As Google relies heavily on compute-intensive machine learning for its core activities it has designed and rolled out its own Tensor Processing Unit (TPU) accelerator chips in recent years. The need for such a chip became evident about six years ago with the growth in computational expense due to technologies like Google voice search taxing the deep neural net speech recognition systems.
With help from the likes of Norman Jouppi, one of the chief architects at MIPS, Google introduced servers packing its TPU chips back in 2015 (quite a quick development cycle). The new processors were designed with the particular focus of AI workloads and are thus ASICs (application-specific integrated circuits). Now, for the first time, Google has measured the performance of its TPU systems and compared them to contemporary alternative processing solutions.
In a blog post, Google sums up the benefits of its TPU over contemporary GPUs and CPUs as follows:
- On our production AI workloads that utilize neural network inference, the TPU is 15x to 30x faster than contemporary GPUs and CPUs.
- The TPU also achieves much better energy efficiency than conventional chips, achieving 30x to 80x improvement in TOPS/Watt measure (tera-operations [trillion or 1012 operations] of computation per Watt of energy consumed).

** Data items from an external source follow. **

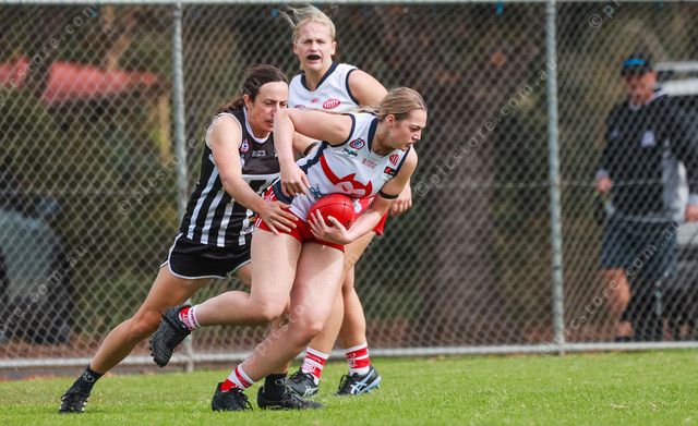Willunga’s Jessica Harris tries to break the tackle during her A grade match. (Jesse Ehlers: 475984_10)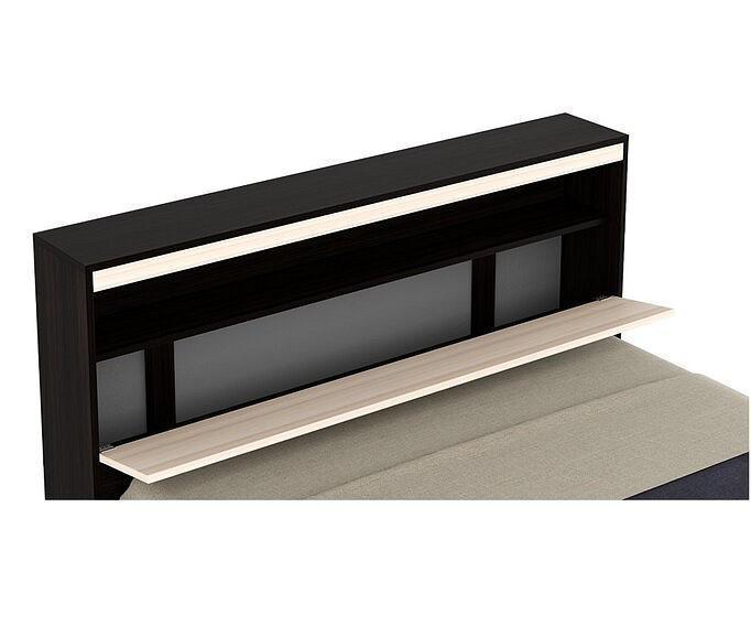 Изголовье кровати представляет собой откидной блок с дополнительной секцией для хранения постельных принадлежностей (подушек, одеял и постельного белья). Очень практичное решение, особенно в том случае, когда количество жилого пространства ограничено. Кровать не только украшает интерьер, но и делает спальное место поистине комфортным и функциональным.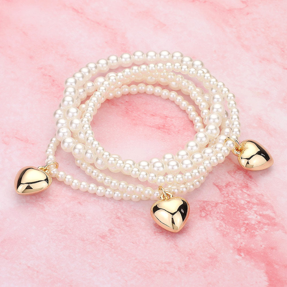 • Wrap your wrist in elegance with this multi-strand beaded bracelet featuring glossy beads and polished heart charms. Stretch design offers an easy fit, perfect for casual wear or romantic occasions. Layered look adds charm and versatility to any outfit.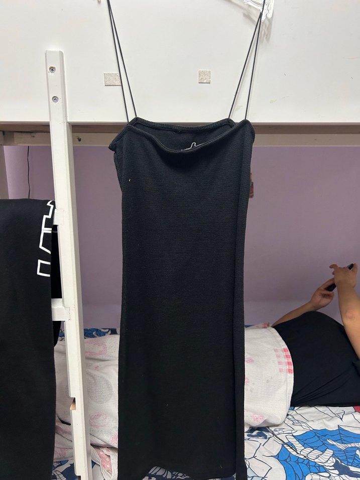 Siyah renkli, ince askılı ve düz yakalı fitilli elbise dar vücuda yapışıyo hiçbir sorunu yok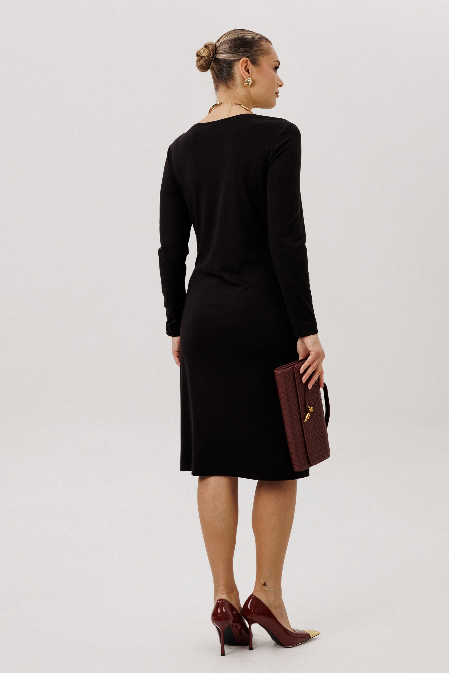 Платье полуприлегающего силуэта, втачного покроя с круглым вырезом горловины и длинным рукавом. Комфортное вискозное полотно, средняя длина. Полочка с центральным швом и ассиметричным поясом-завязкой, образующим драпировку на правой половине. Рукав одношовный.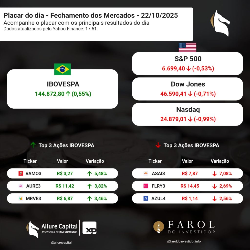 PLACAR DO DIA – Fechamento dos Mercados (22/10)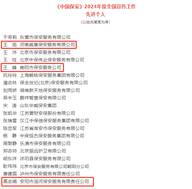 欣闻洛阳龙跃保安服务有限公司及河南威盾保安服务有限公司王旭、南阳市保安服务公司王峰、安阳市洹河保安服务有限责任公司高志娟同志荣膺《中国保安》2024年度全国宣传工作“先进集体”与“先进个人”荣誉称号,特此致以热烈祝贺!
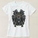 This image depicts a stylised samurai mask, inspired by the oni, a Japanese demon or ogre. The mask is primarily metallic, with intricate details and a menacing expression. The eyes are narrowed, and the mouth is open in a ferocious snarl. A cherry blossom is prominently displayed on the forehead, adding a touch of contrast and symbolism. The mask is framed within a circular design, further emphasizing its powerful presence.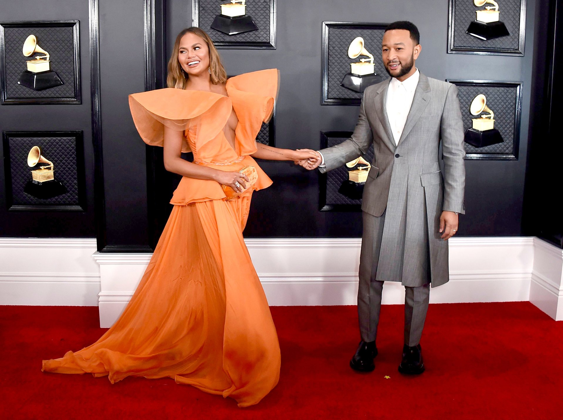 Gwen Stefani and Blake Shelton also caused a buzz on the red carpet. The Voice coaches were all smiles as they wore opposing colors, with Stefani in a short white dress and Shelton in an all-black suit. They later performed their new duet, “Nobody But You,” for the first time at Sunday’s event. The Oklahoma native’s song “God’s Country” was nominated for Best Country Solo Performance, but it went to Willie Nelson’s “Ride Me Back Home.”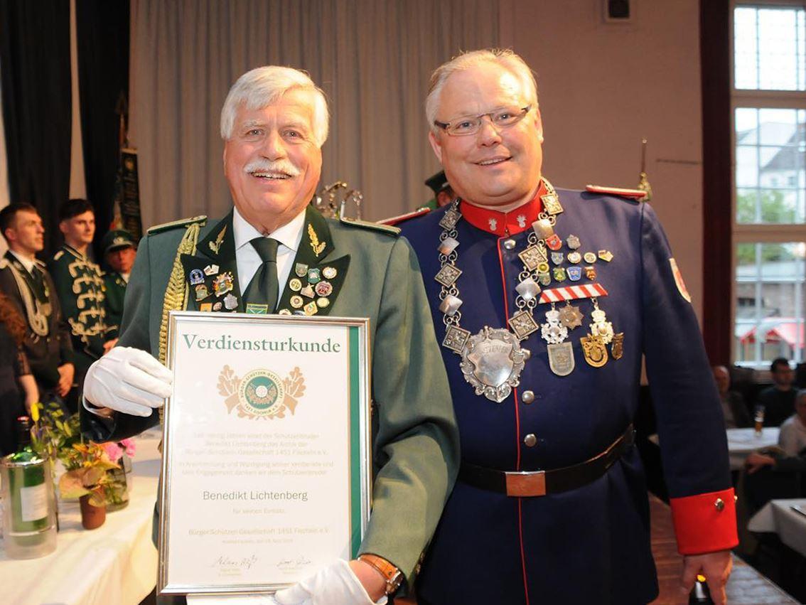 Benedikt Lichtenberg und seine Frau Hildegard, die Laudator Thomas Schlösser auf die Bühne holte, wurden für ‚40 Jahre Leitung und Ausbau des Schützenarchives‘ geehrt und erhielten Urkunde und Blumen. Thomas Schlösser erinnerte an das Unwetter 2021, bei dem ein großer Teil des Archives im Fischelner Rathaus Schaden genommen hatte. Er wünschte sich, dass die seit diesem Zeitpunkt bestehende Übergangslösung bald in eine langfristige Lösung übergeht. Als Geschenk durfte sich das Ehepaar Lichtenberg zudem über zwei Eintrittskarten für das demnächst von Adler Königshof ausgerichtete Kabarettprogramm mit Stefan Bauer freuen.
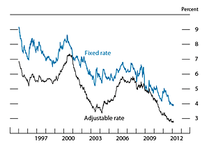 Note: The data, which are weekly and extend through February 22, 2012, are contract rates on 30-year mortgages.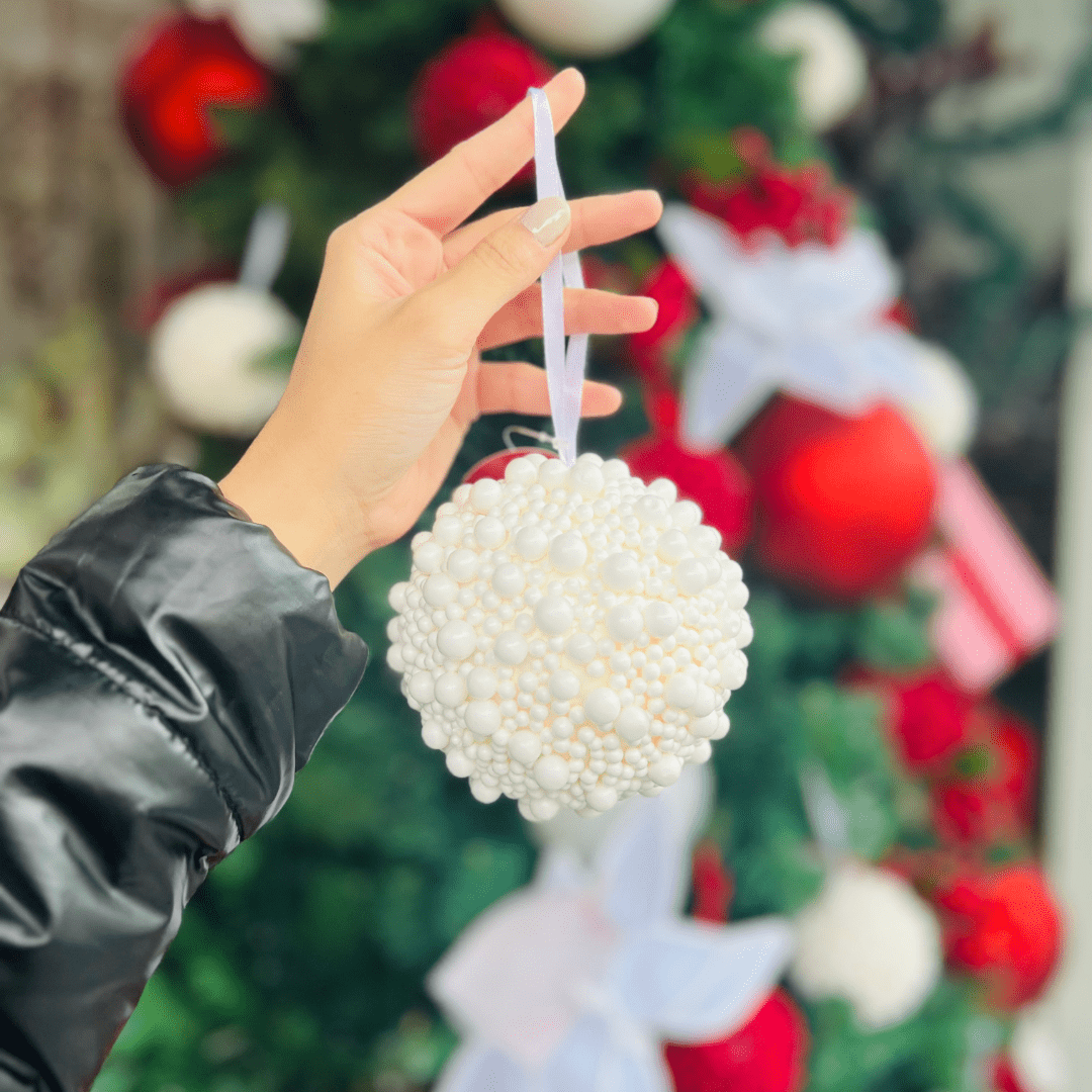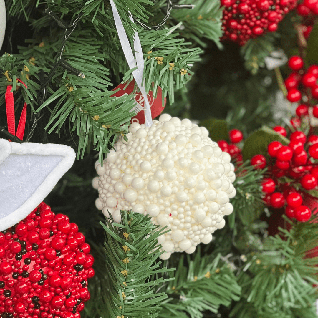 A Bola Natalina Berries Branco traz um toque sofisticado e encantador à sua decoração de Natal. Seu design com pequenas berries brancas oferece um visual elegante e natural, perfeito para árvores, guirlandas ou centros de mesa.

- The neural networks powering these applications require a surprisingly small amount of code: just 100 to 1500 lines. The code is based on TensorFlow, our popular open-source machine learning framework.
TOPS/s = tera-operations per second
Jouppi talked to The Next Platform about the TPU design. Interestingly, the Google distinguished hardware engineer explained "The TPU is programmable like a CPU or GPU. It isn’t designed for just one neural network model; it executes CISC instructions on many networks (convolutional, LSTM models, and large, fully connected models). So it is still programmable, but uses a matrix as a primitive instead of a vector or scalar." This processor is nearer to the spirit of an FPU than a GPU, added Jouppi.
For further illumination regarding the TPU performance and efficiency a couple of graphs would be useful. Luckily Google has provided some and you can glance over them, above and below.
The TPU' is an improved TPU
As well as the above cited common workload example of voice search, which prompted the design of this ASIC, the TPU powered servers are of great utility for; translation services, image search and indexing, cloud vision and more.